Toplumu ‘halk’ değil, ‘ümmet’, bireyi ‘yurttaş’ değil ‘kul’ görmek istiyorlar. Farklı inançları ve inanmayanları ise mezhepçi kazanlarının altına koydukları cihadist ateşleriyle homojenleştirmek, Sünnileştirmek ve eritmek istiyorlar.

Laiklik, demokrasi ve cumhuriyet düşüncesi ile barışık olmayan Topçu, ümmete dayalı bir ‘milleti İslamiyet’ modeli öneriyorlar.

AKP ve MEB, eğitimi dinselleştirmekle ırkçı-mezhepçi rejimin ideolojisini benimsetmeyi hedefliyor. Toplumsal çoğulculuğumuz ayrımcılık, mezhepçilik ve nefret söylemi ile kutuplaştırılmak isteniyor.

Kadın ve karma eğitim düşmanıdır

Topçu, kadını eve hapsetmeyi buyuruyor. “Kadın terbiyesini ihmal etmeyin” diyen Topçu ‘kadına hayat tarafından ayrılan ev sanatlarıyla küçük çocuğunu yetiştirme mesleğini’ uygun görüyor. Bu zihniyet ‘kadın hürriyeti, kadını yalnız bıraktı’ değerlendirmesi yaparak, kadın özgürlüğüne sınır, din ve erkek denetimi getirilmesi savunuluyor.

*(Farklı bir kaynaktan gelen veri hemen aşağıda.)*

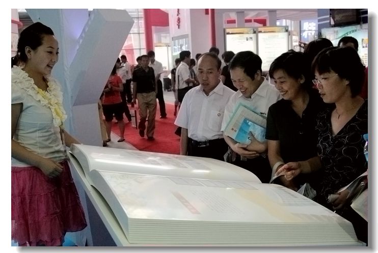 省教育厅厅长杨希文、教育工委副书记郝利生、教育厅副厅长郭立宏与我院崔岩院长、王天哲副书记在展会合影

Peki soruyorum, okullarda bu zihniyetin kitapları ile yetişenler kadının sosyal yaşamda daha fazla yer almasını, özgürleşmesini ve eşit haklara sahip olmasını savunabilir mi? Kadını ev işleri, çocuk bakımı ve erkeğin denetim altında olmasını dayatan bir zihniyet kadın düşmanı değil de nedir?

Topçu kadını daha çocuk ve genç yaşta sopa altına alınmasını buyuruyor: “Kızların terbiyesine şimdikinden daha büyük önem vermek” gerektiğini belirtikten sonra “Liselerde kız ve erkek eğitimin ayrılması lazımdır” diyerek karma eğitime son verilmesini öneriyor.

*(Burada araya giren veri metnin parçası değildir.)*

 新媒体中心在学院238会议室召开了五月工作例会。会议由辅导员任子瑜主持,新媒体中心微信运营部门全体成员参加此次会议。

Kadına ve karma eğitime karşı çıkan, laik eğitim yerine Osmanlı döneminin medrese ve tarikat eğitimine çağrıda bulunan söz konusu kitabın, kamu okullarında okutulması, hukuk dışı olmanın ötesinde, MEB eliyle açıktan suç işlendiğini gösterir.

Eğitim emekçisine değil, MEB’e ve kitaba dava açılmalı

MEB ise ayrımcılığa, nefret söylemine ve toplumsal kutuplaşmaya neden olan bu suça aracılık yapıyor. MEB Din Öğretimi Genel Müdürlüğü, Türkiye çapında öğretmeleri Nurettin Topçu’nun Türkiye’nin Maarif Davası adlı kitabını tanıması için ‘meslek içi seminerlere’ katılmaya zorluyor. Katılmayan ve itiraz edenleri fişliyor, cezalandırıyor ya da disiplin soruşturması ile tehdit ediyor.

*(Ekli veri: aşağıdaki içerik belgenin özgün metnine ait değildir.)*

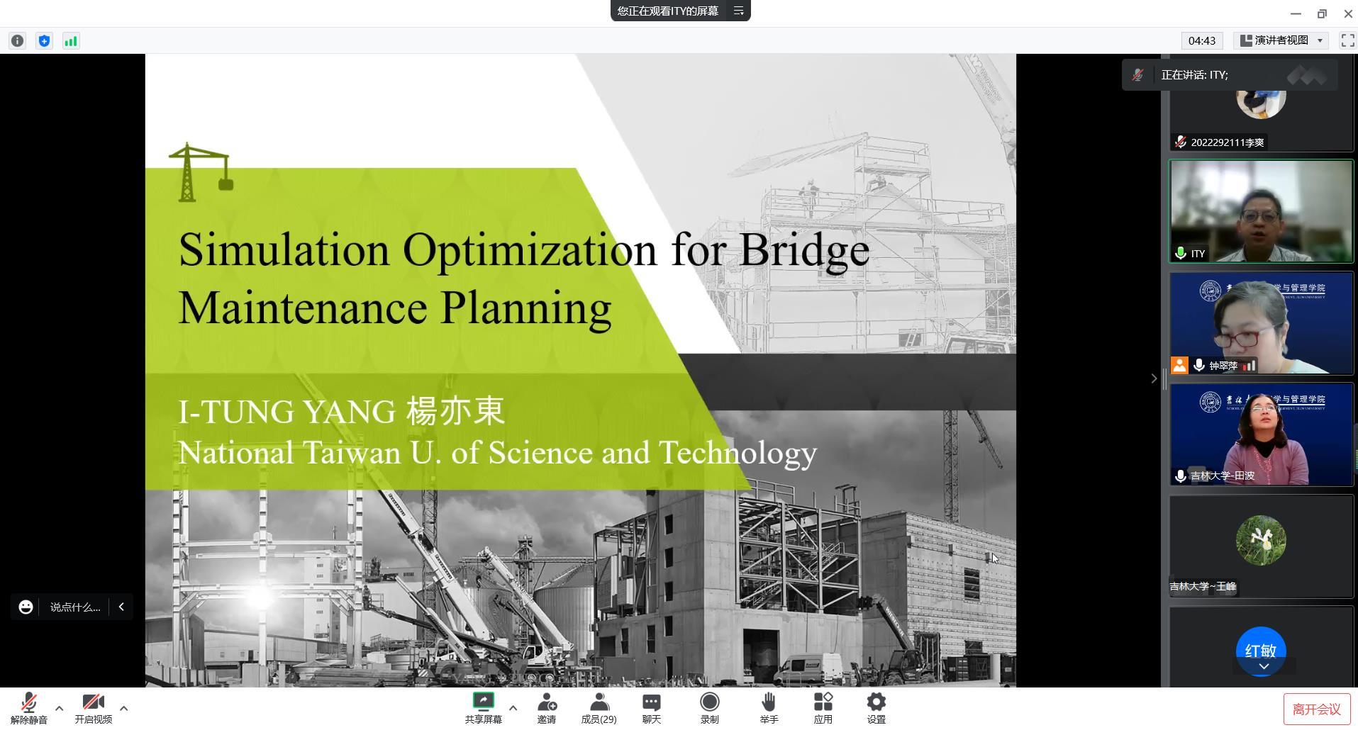 2022年10月28日下午,公司邀请到了来自台湾科技大学营建工程系的杨亦东教授作主题为《Simulation Optimization for Bridge Maintenance Planning》的线上学术报告。本次会议由EMC易倍钟翠萍教授主持,EMC易倍工程项目管理系的师生共同参加了此次报告。杨亦东教授毕业于美国密西根大学安娜堡校区,多年深耕于工程管理计算智慧决策与风险分析以及离散事件模拟研究领域。目前,杨教授担任韩国土木工程学会学刊副总编辑中华台北亚太工程师暨国际工程师监督委员会主任委员中国土木水利工程学会信息委员会主任委员国家科学及技术委员会土木工程学门审查委员,以及逾40本国际期刊审稿委员。

Okullara farklı kültürlerden gelen öğrencilere zorla mezhep elbisesi giydirmek isteyen, ırkı ve faşizm uygulamasına, öğretmenler zorla suç ortağı yapılmak isteniyor.

Bu çürümüş zihniyetin dayatıldığı eğitime katılmayan öğretmenlere ‘okul birliğini bozmaktan’ dolayı soruşturma açılıyor olması bir skandaldır. Asıl soruşturma Nurettin Topçu’nun kitabı ve MEB’e açılmalıdır.

Çünkü ayrımcıdır, nefret saçandır, şeriatçıdır, cinsiyetçidir, mezhepçidir, kadın ve Alevi düşmanıdır!

Bu gerici girişimleri sıradanlaştırmak ve duyarsız kalmak yerine, toplumsal duyarlılığı ve farkındalığı diriltmek zamanıdır.